Chronic stress also carries serious long-term costs: metabolic problems, declining cognitive abilities, and ultimately, burnout—for you and your team.

The Leadership Imperative: Protect Your and Your Team’s Energy Budget

Working in balance isn’t a management luxury or soft—it’s essential for sustainable performance. Better health, better decisions, better results. All flow from managing energy, not just time.

Five High-Impact Energy Actions for Leaders

1. Build a culture of genuine listening
Make “listening to understand” a core competency tied to performance metrics. This creates body budget deposits that fuel engagement and trust.

2. Confront behavior that drains social energy
Identify and address actions that undermine belonging and psychological safety. When the stress-response is constant, these become silent killers of team energy budgets.

3. Recognize and reinforce collaboration
Actively acknowledge behaviors that build psychological safety. Recognition multiplies these deposits across your organization and reinforces the values you appreciate.

4. Elevate recovery as performance strategy
Monitor energy levels explicitly. Make recovery part of how you define sustainable performance, not a sign of weakness. Remember, high performance elite athletes eventually realize that recovery is as important than quality training.

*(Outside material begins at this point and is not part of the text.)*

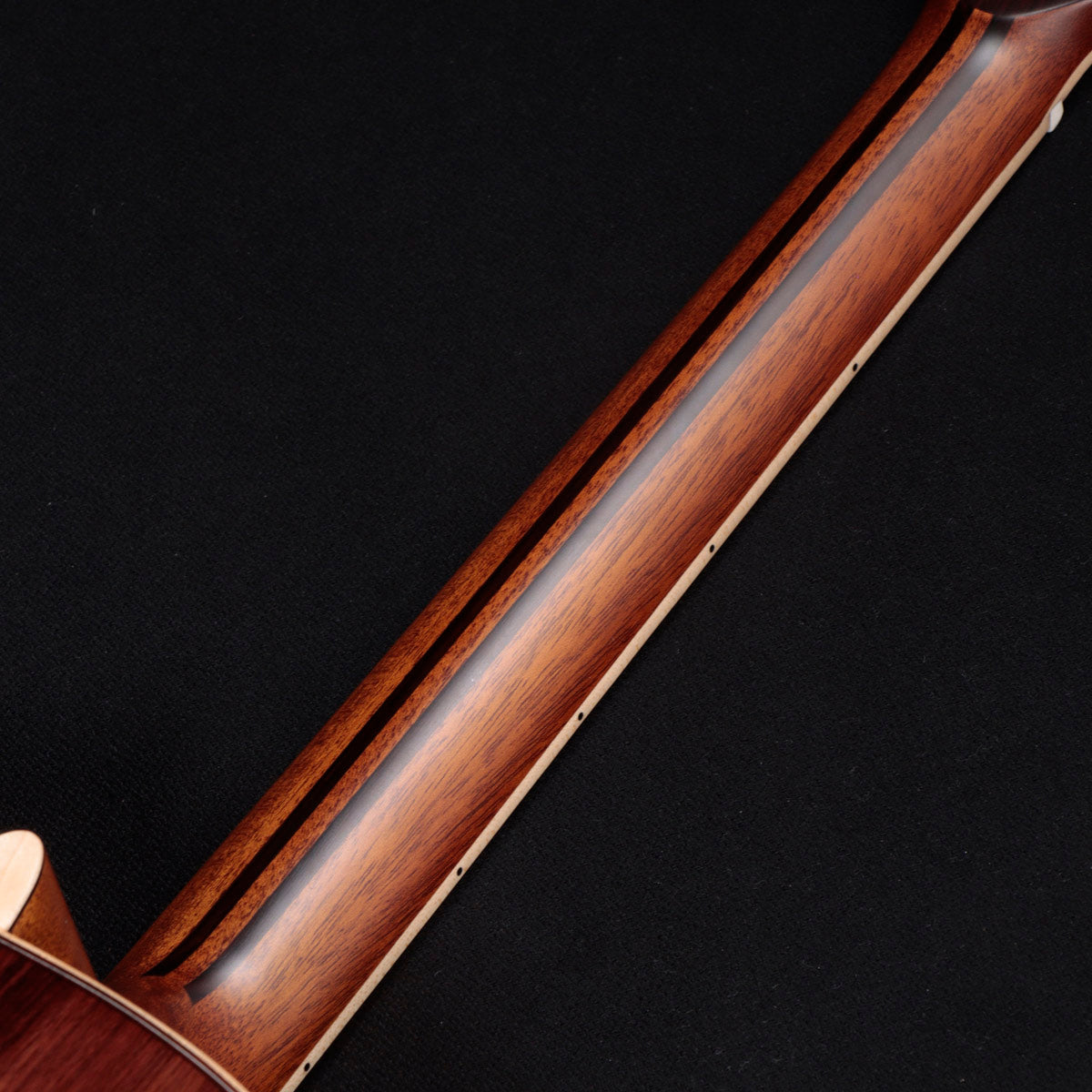 The NECK is made of mahogany and rosewood in a 5-piece construction for greater strength against warping and twisting! In addition, the fretboard is 1mm thinner at the 10th fret to improve playability in the high position! Furthermore, the fingerboard edge has been rounded to achieve smooth playability that fits comfortably in the hand! The back side of the head has been treated with rosewood veneer and volute processing to strengthen the head section!

5. Create boundaries against systemic overload
When organizational demands chronically exceed your team’s energy capacity, you must create protective boundaries. This is leadership courage.

The Bottom Line

The path to sustainable high performance isn’t necessarily working more hours. It’s also optimizing your team’s energy budget—maximizing deposits while minimizing wasteful withdrawals. This means creating an organization that encourages behaviors that make energy deposits and discourages attitudes and behaviors that trigger chronic stress and place people’s autonomic nervous systems on high alert,

When you build a culture that manages energy as strategically as you manage budgets and timelines, performance improvements aren’t just possible. They’re inevitable.